La technique de Nadal, sommaire et sans surprise, s’est une nouvelle fois affichée dans toute sa pauvreté en finale de Roland Garros cette année, finale encore gagnée, de justesse cette fois, à cause de la résistance somptueuse du suisse : jouer de gros lifts sur le revers à une main de Federer, en attendant la faute. Attitude spécieuse et détestable. Je crois qu’on ne mesure pas bien, parce qu’on veut lire derrière son épuisante combativité les pseudos-valeurs du travail et de la ténacité, tout le mal qu’à pu faire Nadal au tennis et au sport en général, réduisant toujours un peu plus ses possibilités. On admire souvent son « mental d’acier » : mais qu’a-t-on fait de la sensibilité, support chez Rousseau et bien d’autres de la moralité et de la grandeur humaine ? On admire sa « combativité » : je soutiens qu’elle est factice et confortable.

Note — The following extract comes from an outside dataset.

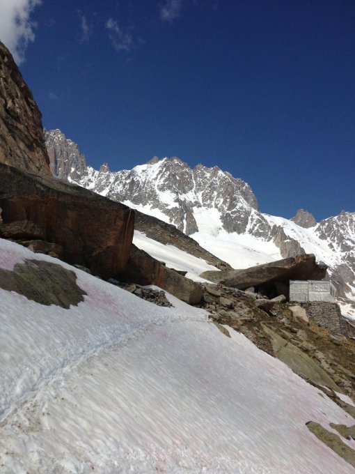 Nachts bewölkt und etwas Regen, daher keine Abstrahlung und entsprechend eingesunken. Mühsames Gegrabe wechselnd mit etwas härteren Passagen das Couloir hoch, im Mixed Teil dann viel Wassereis. Gut mit Friends absicherbar, Routenführung nicht immer einfach. Gipfelgrat ok, Abseilen mit 2x60m zügig möglich. Der nachfolgende 40 Grad Hang runter zum Glacier de Talèfre war dafür dann sehr heikel, da komplett durchweicht und Hang noch nicht unten, hier passieren auch öfters mal Unfälle. Es liegt noch sehr viel Schnee im Gebiet und da kann auch noch etwas runterkommen. Grate teilweise noch stark verwächtet und verschneit.

La réussite de Federer relève du miracle : miracle de cette rencontre, comme il en existe peu dans notre monde contemporain, entre la grâce, le talent et l’efficacité. Ou disons entre le qualitatif et le quantitatif. Ou encore entre la noblesse métaphysique, le virtuose phénoménologique, la réussite prosaïque et le couronnement symbolique. Les victoires de Federer demeurent l’un des rares lieux où la fin, lorsqu’elle est atteinte, ne déprécie pas la valeur des moyens employés, où la victoire ne se fait pas au détriment de la manière. Dans plusieurs interviews, Federer avoue prendre du plaisir sur le court, peu importe le résultat. À l’inverse, Nadal a plusieurs fois répété qu’il ne prenait pas forcément de plaisir sur le court, dans le jeu, mais que seule la victoire, une fois consommée, lui apportait quelques agréments. Deux éthiques différentes, deux esprits opposés, deux expériences antagonistes. Et des valeurs antithétiques.
Une œuvre d’art réussie se distingue lorsque le résultat d’ensemble dépasse l’agencement précis des parties, lorsque la travail disparaît derrière la beauté active et présente de l’œuvre: aux antipodes du stakhanovisme lisible dans chacun des aspects du jeu de Nadal, l’impression de facilité délivrée par Federer, plus que par aucun autre, rejoint précisément cette virtuosité esthétique qui confère au sublime, propriété du génie. Federer transcende son sport.
J’ai discuté récemment avec Carole Bouchard, l’une des journalistes de l’Équipe qui couvre les résultats tennistiques. Elle me disait en substance : « en grand chelem, il n’y a pas de trophées pour le beau jeu ». Elle avait tort : il y en a eu au moins 16.